Banks will face the possibility of tougher requirements, including possible higher capital standards, if they have not fixed the shortcomings in their “living wills” by October, Federal Reserve Chairwoman Janet Yellen said Tuesday.
Appearing before the Senate Banking Committee, Yelllen was quizzed about the five megabanks that were told in April that they did not have credible plans for failing without the government getting involved.
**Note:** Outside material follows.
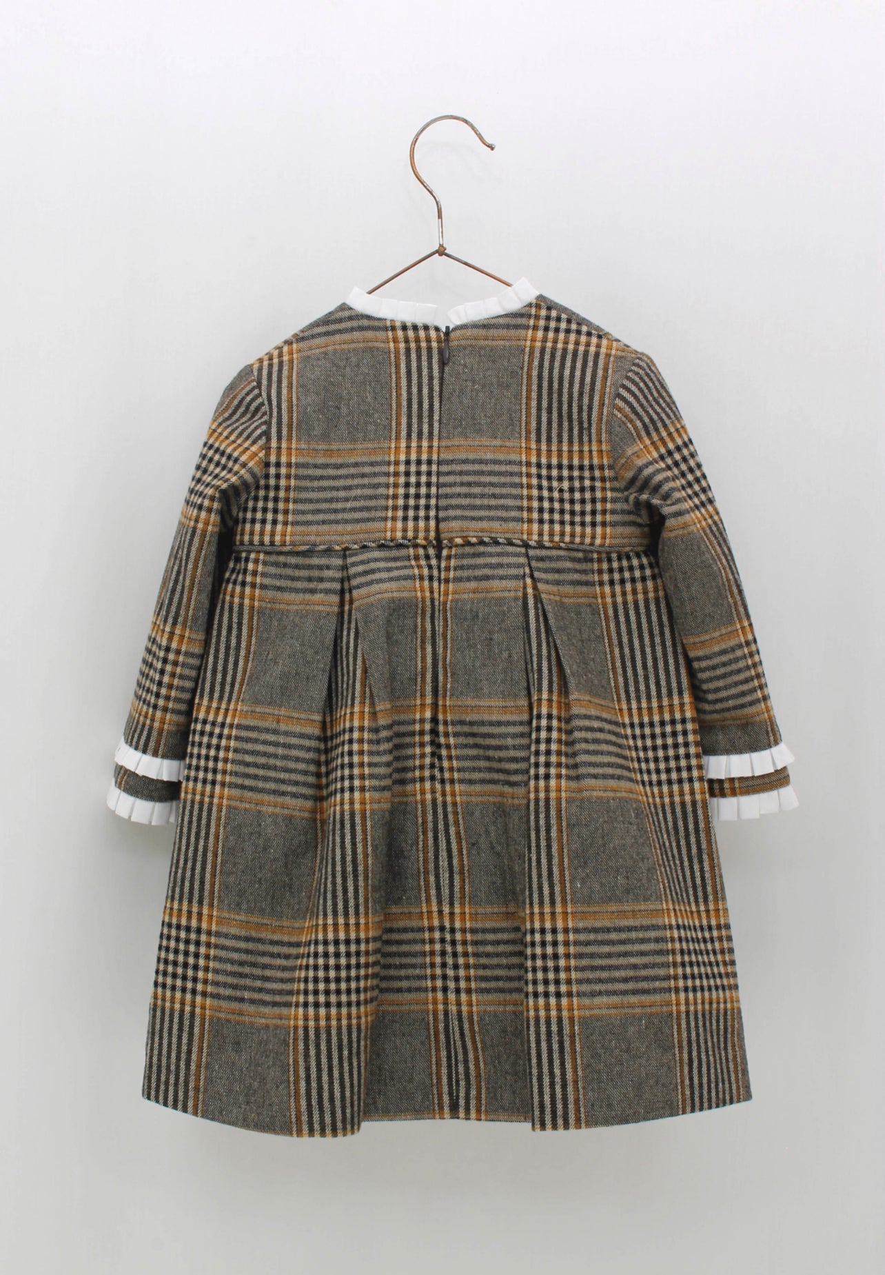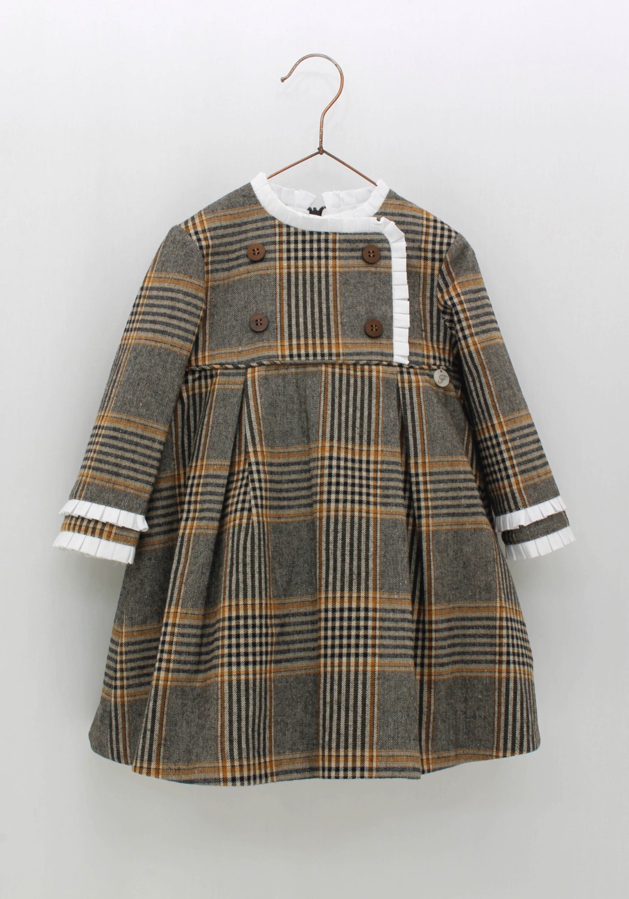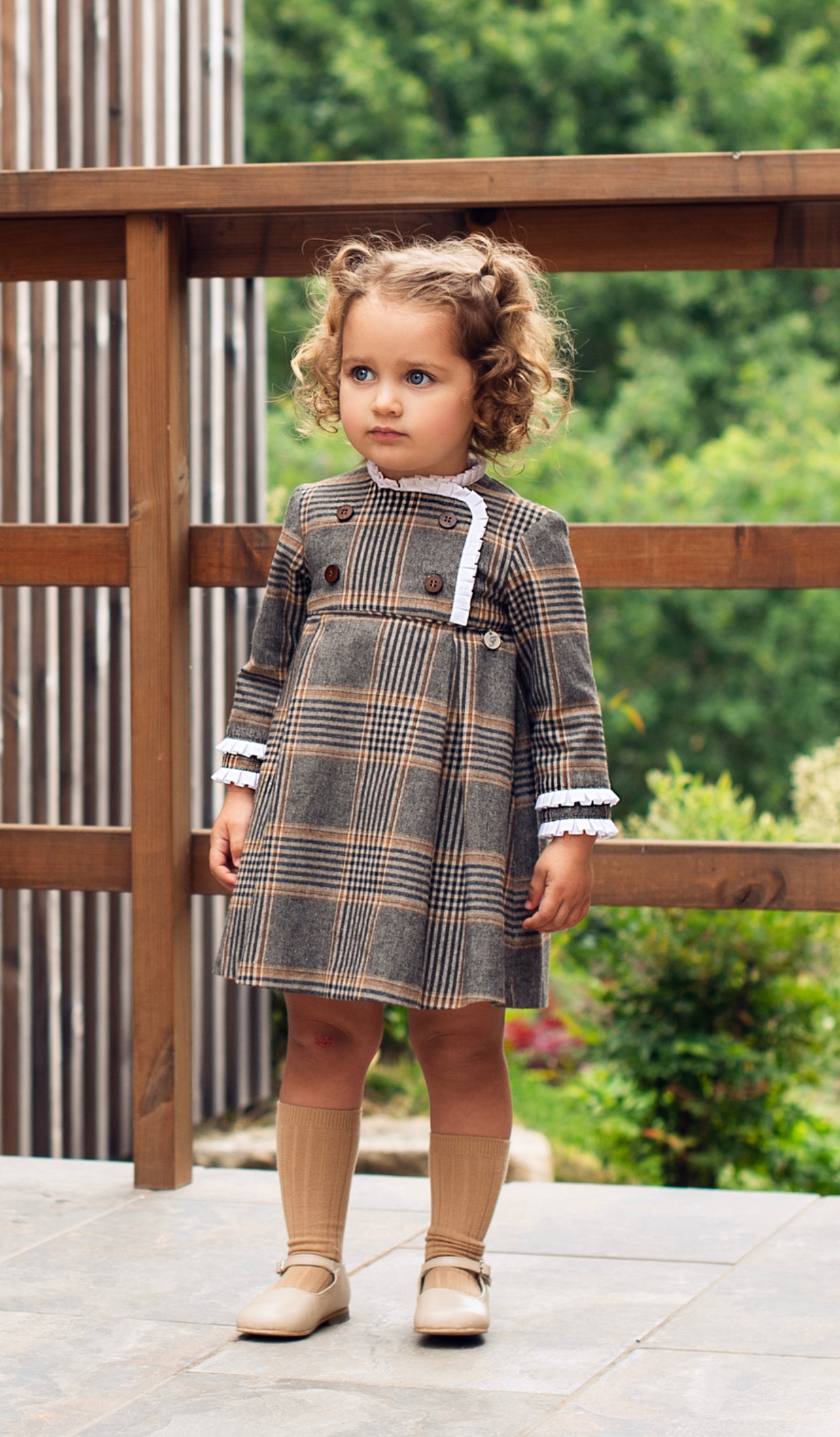 Beautiful Classic Brown Checked Dress with Beautiful white frill details.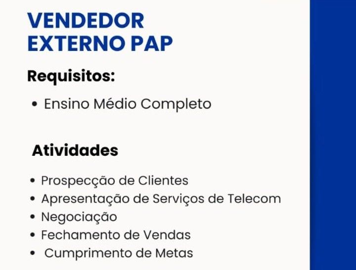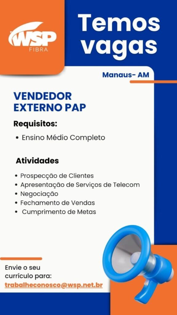 Empresa seleciona Vendedor externo pap; Envie seu currículo!

She told lawmakers that she would consider higher capital requirements or other penalties if the banks fell short of an October deadline to correct the problems identified in their living wills.
“There will be consequences” if the banks don’t improve their plans, Yellen said.
The living wills, a requirement of the 2010 Dodd-Frank financial reform law, mandate that the banks spell out how they would pay out creditors and resolve themselves under the bankruptcy code in case they ran into trouble.
After several rounds of the living wills process, Yellen said, the banks have “greatly increased their ability to be resolved, in the event of trouble, by bankruptcy” or by through the government’s resolution powers.
Nevertheless, “I couldn’t guarantee at this point” that they could safely go bankrupt, she said.
“I would not say at this point that all of them are prepared for resolution under bankruptcy,” she later added.
The banks whose living wills were deemed “not credible” by the Fed and the Federal Deposit Insurance Corporation were Bank of America, Bank of New York Mellon, JPMorgan Chase, State Street and Wells Fargo.
Under the law, those banks could face escalating consequences if they do not submit credible living wills, including ultimately forced divestitures or breakups.
The industry, however, has argued that the process is supposed to be iterative, with banks given time to respond to regulators’ criticism and make the needed changes.
Wall Street critics in Congress have pushed Yellen and other regulators to accelerate that process.
Yellen’s comments Wednesday indicate that she is responsive to their entreaties, despite the “substantial advances” that she said banks have made in recent years toward safe resolution.
In questioning from Sen. Elizabeth Warren, D-Mass., Yellen said any decisions about punishing banks must be made in consultation with other Fed and FDIC staffers.
“I can’t pre-commit today to tell you precisely what our response will be …but we are extremely serious about wanting to see progress, and certainly we’ll consider using those tools,” she said.